Angka penjualan mobil merupakan salah satu indikator penting yang bisa mencerminkan kondisi ekonomi, terutama di sektor industri.

Pasalnya industri mobil terkait dengan rantai pasokan yang sangat kompleks. Bila penjualan mobil lesu, maka aktivitas industri-industri di sekelilingnya (yang sangat banyak) juga terpengaruh.

Alhasil permintaan energi sulit untuk tumbuh, atau bahkan berkurang.

Saat ini sumber energi di China sebagian besar masih dibangkitkan oleh batu bara. Tahun lalu porsi batu bara mencapai 59% terharap total energi listrik yang dihasilkan.

Terlebih saat ini perang dagang China dengan Amerika Serikat (AS) semakin memanas.

Kedua negara telah sama-sama menaikkan tarif impor pekan lalu. AS memberlakukan tarif sebesar 25% (dari yang semula 10%) pada produk China senilai US$ 200 miliar. Sementara tarif tambahan China bervariasi antara 5%-25% untuk produk AS senilai US$ 60 miliar.

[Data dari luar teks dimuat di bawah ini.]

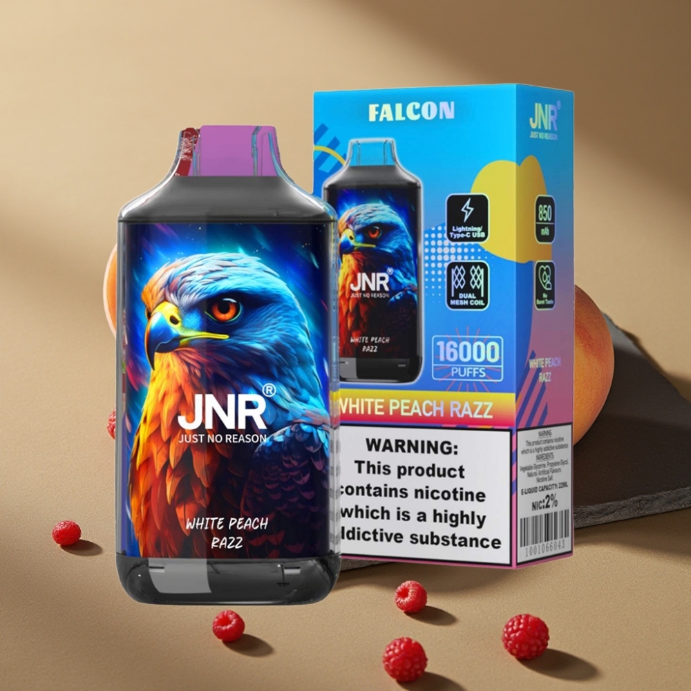 De JNR Falcon 16000 Puffs is een krachtige en duurzame Wegwerp Vape met geavanceerde functies, perfect voor de Nederlandse markt. Met een enorme 22ml e-liquid capaciteit en een 850 mAh batterij, biedt deze vape een langdurig en consistent gebruik zonder vaak opladen of bijvullen.
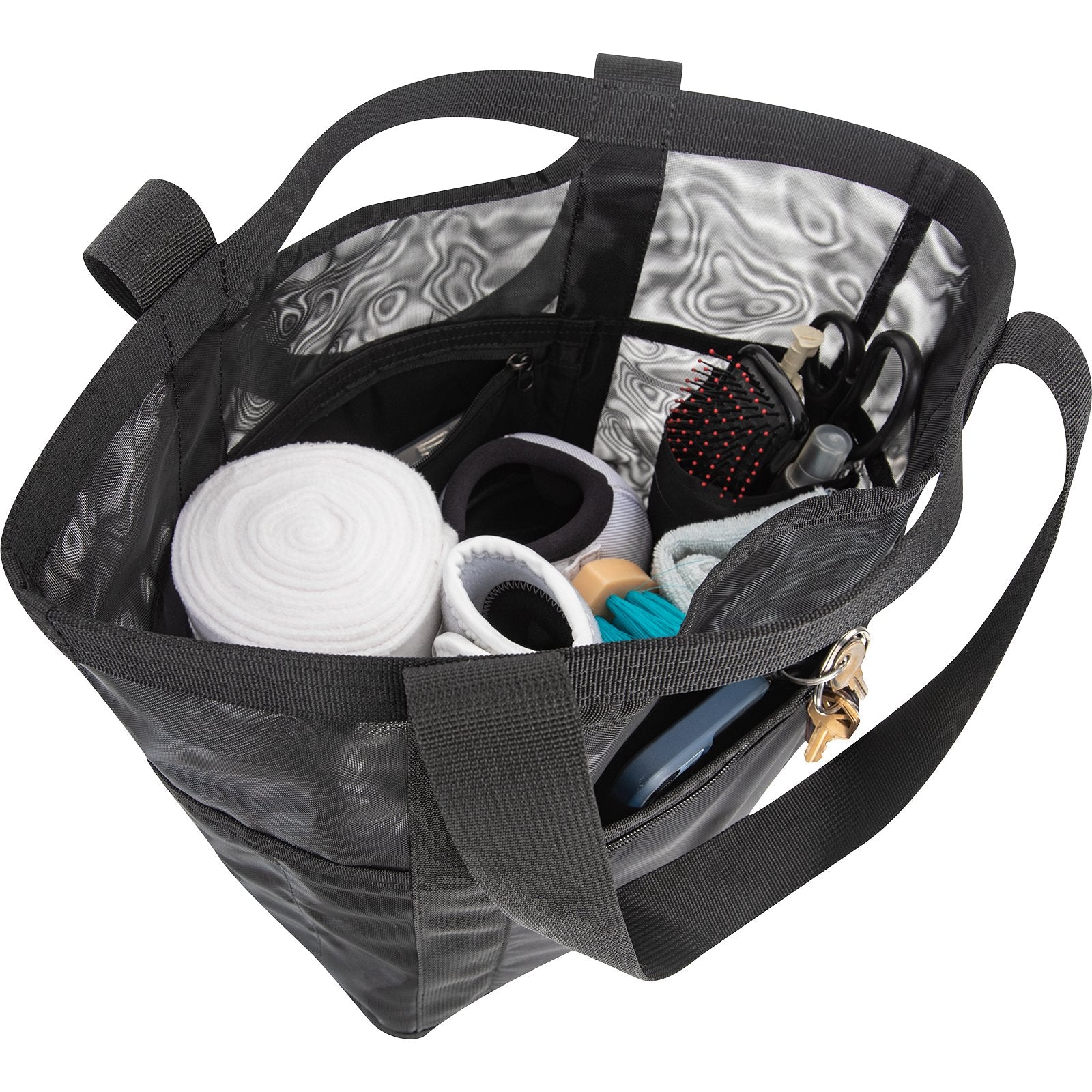 No more running back to the trailer—the Arena Ready Bag keeps your gear where you need it: close by. From boots to tail bands to your phone, it’s a smarter way to stay organized. Versatile enough to sling over your shoulder, hang on your saddle horn, or grab by the handle.

Ketegangan diperparah langkah AS yang memasukkan perusahaan teknologi asal China, Huawei ke dalam daftar hitam. Akibatnya, perusahaan AS dilarang untuk bertransaksi dengan Huawei tanpa adanya izin dari pemerintah.

China pun meradang. Juru Bicara Kementerian Luar Negeri China, Geng Shuang mengatakan bahwa tindakan tersebut dapat memperburuk proses negosiasi yang masih berlangsung.

Bahkan rencana keberangkatan Menteri Keuangan AS, Steven Mnuchin ke Beijing dalam waktu dekat hilang dari peredaran.

Dengan begini, potensi eskalasi perang dagang kembali mencuat. Presiden AS, Donald Trump sebelumnya sudah berencana akan mengenakan bea masuk pada produk China lain senilai US$ 325 miliar.

Bila benar diberlakukan, maka China pun pasti akan membalas dengan langkah serupa.

Apabila dua raksasa ekonomi dunia saling hambat urusan perdagangan, maka seluruh penjuru negeri juga akan merasakan dampaknya.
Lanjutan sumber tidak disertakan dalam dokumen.